_Description of the task_: Beginning with the line that holds "lasitettu p. |" and finishing with the line that holds "Die dakkoffer had", repeat the listing exactly, leaving every picture out.

_Entries provided_:

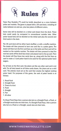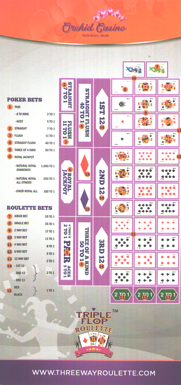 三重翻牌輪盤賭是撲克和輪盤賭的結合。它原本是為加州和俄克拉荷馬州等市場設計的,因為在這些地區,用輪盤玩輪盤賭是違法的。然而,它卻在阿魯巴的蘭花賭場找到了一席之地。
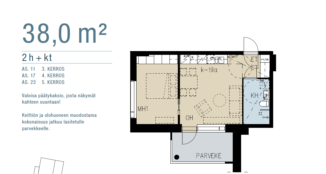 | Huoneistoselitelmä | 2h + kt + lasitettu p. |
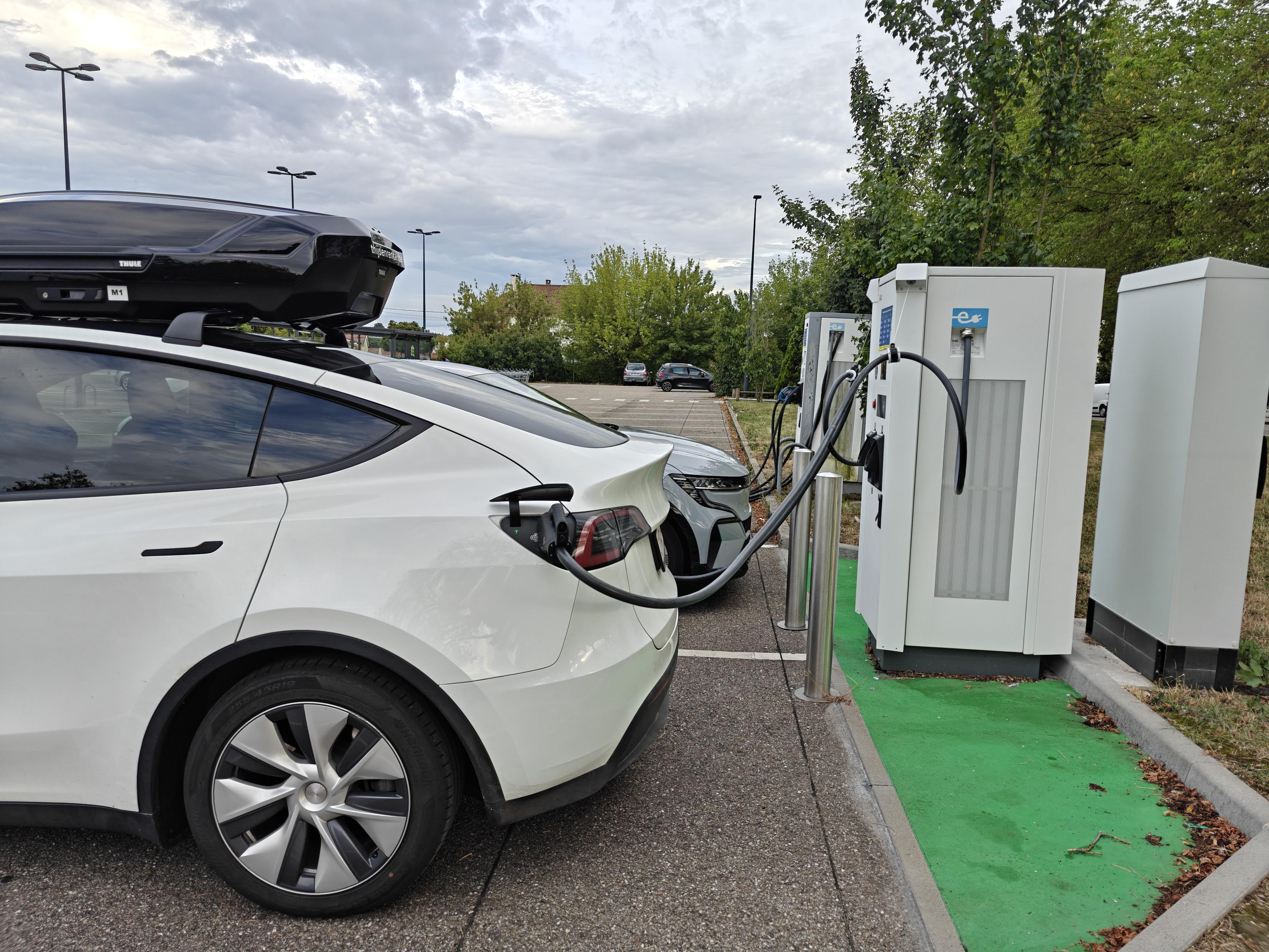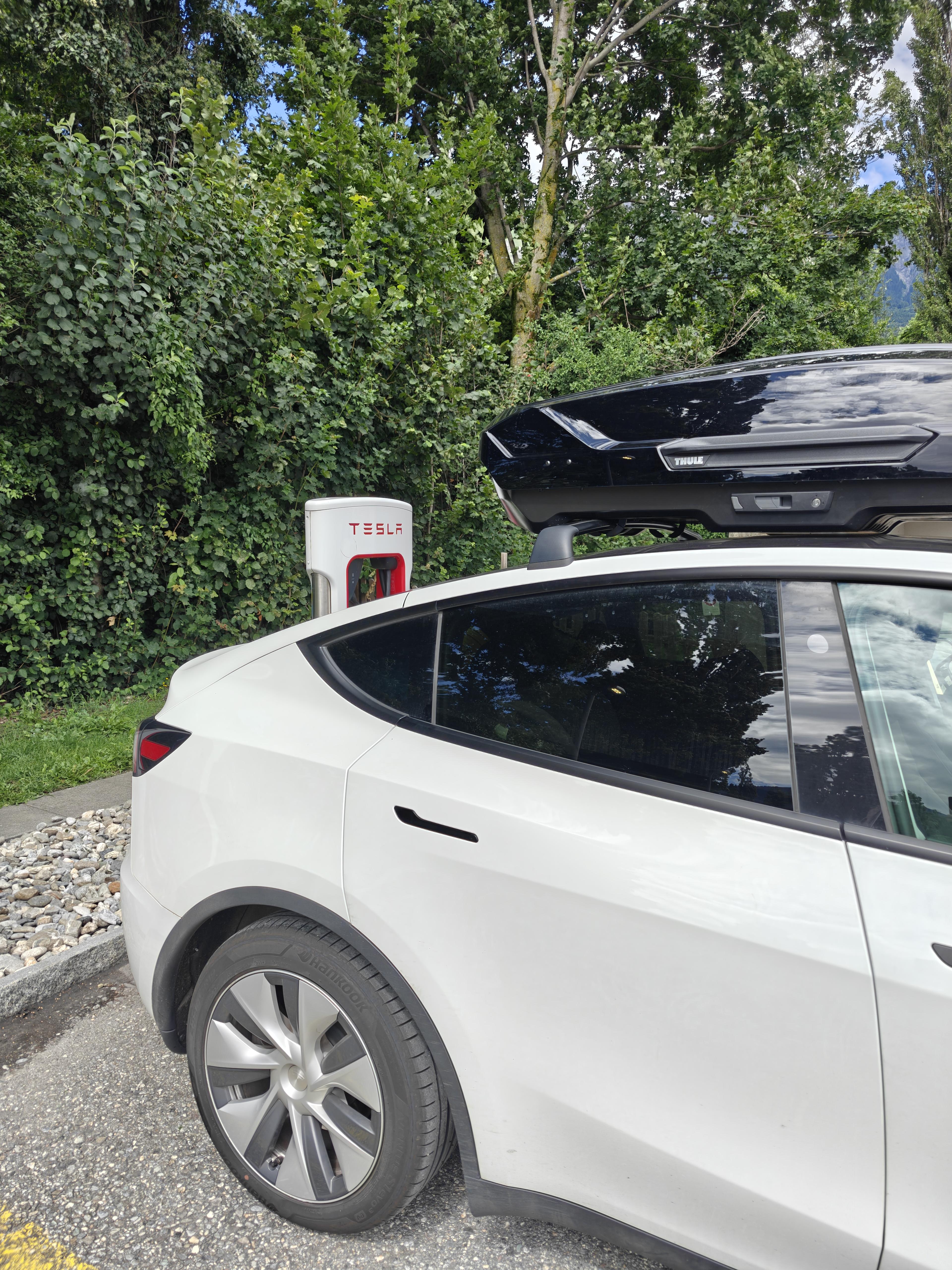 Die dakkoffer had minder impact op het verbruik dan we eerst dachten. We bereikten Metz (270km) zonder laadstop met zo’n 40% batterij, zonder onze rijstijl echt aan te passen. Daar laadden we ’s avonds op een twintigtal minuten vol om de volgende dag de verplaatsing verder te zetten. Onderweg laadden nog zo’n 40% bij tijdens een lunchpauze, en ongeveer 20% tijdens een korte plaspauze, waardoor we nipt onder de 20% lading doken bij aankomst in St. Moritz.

--

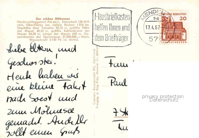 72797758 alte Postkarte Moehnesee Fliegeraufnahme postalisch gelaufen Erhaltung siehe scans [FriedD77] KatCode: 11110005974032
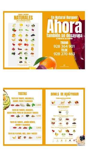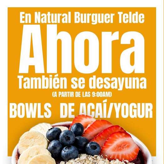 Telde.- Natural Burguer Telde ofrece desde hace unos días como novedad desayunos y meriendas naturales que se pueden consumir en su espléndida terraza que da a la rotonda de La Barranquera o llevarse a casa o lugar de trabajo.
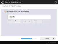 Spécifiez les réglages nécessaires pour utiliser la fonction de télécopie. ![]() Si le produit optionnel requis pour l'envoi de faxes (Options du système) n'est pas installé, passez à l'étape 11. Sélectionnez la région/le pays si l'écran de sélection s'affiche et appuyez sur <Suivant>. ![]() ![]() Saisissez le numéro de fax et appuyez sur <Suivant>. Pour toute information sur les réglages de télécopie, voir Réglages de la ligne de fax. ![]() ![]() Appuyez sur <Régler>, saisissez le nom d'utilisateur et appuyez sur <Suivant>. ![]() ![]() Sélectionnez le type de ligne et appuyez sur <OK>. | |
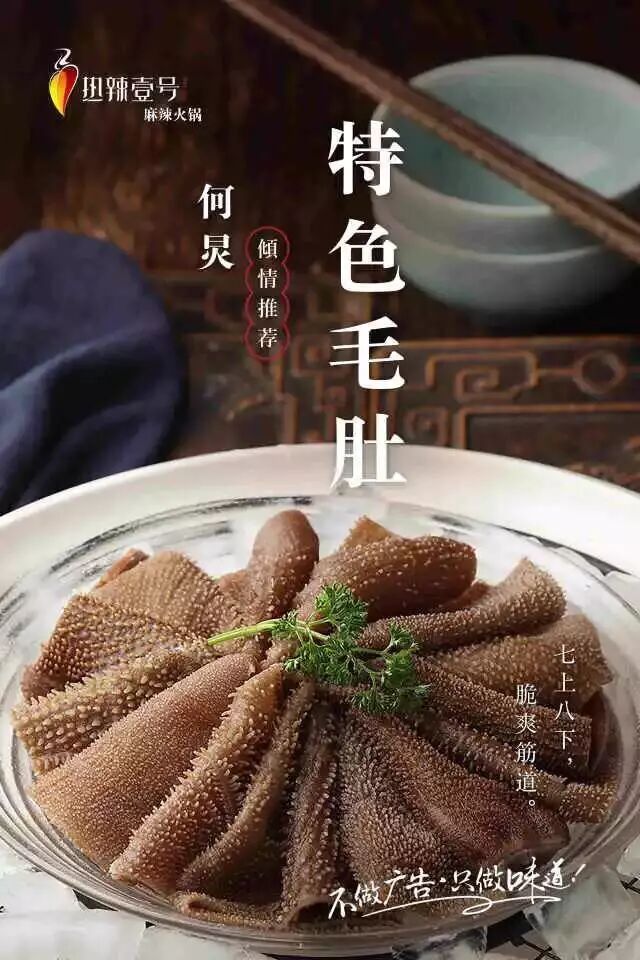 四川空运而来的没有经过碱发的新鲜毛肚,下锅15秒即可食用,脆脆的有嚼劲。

...

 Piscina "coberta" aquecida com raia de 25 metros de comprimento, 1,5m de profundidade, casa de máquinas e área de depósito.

_Exercise solution_:
 | Huoneistoselitelmä | 2h + kt + lasitettu p. |
 Die dakkoffer had minder impact op het verbruik dan we eerst dachten. We bereikten Metz (270km) zonder laadstop met zo’n 40% batterij, zonder onze rijstijl echt aan te passen. Daar laadden we ’s avonds op een twintigtal minuten vol om de volgende dag de verplaatsing verder te zetten. Onderweg laadden nog zo’n 40% bij tijdens een lunchpauze, en ongeveer 20% tijdens een korte plaspauze, waardoor we nipt onder de 20% lading doken bij aankomst in St. Moritz.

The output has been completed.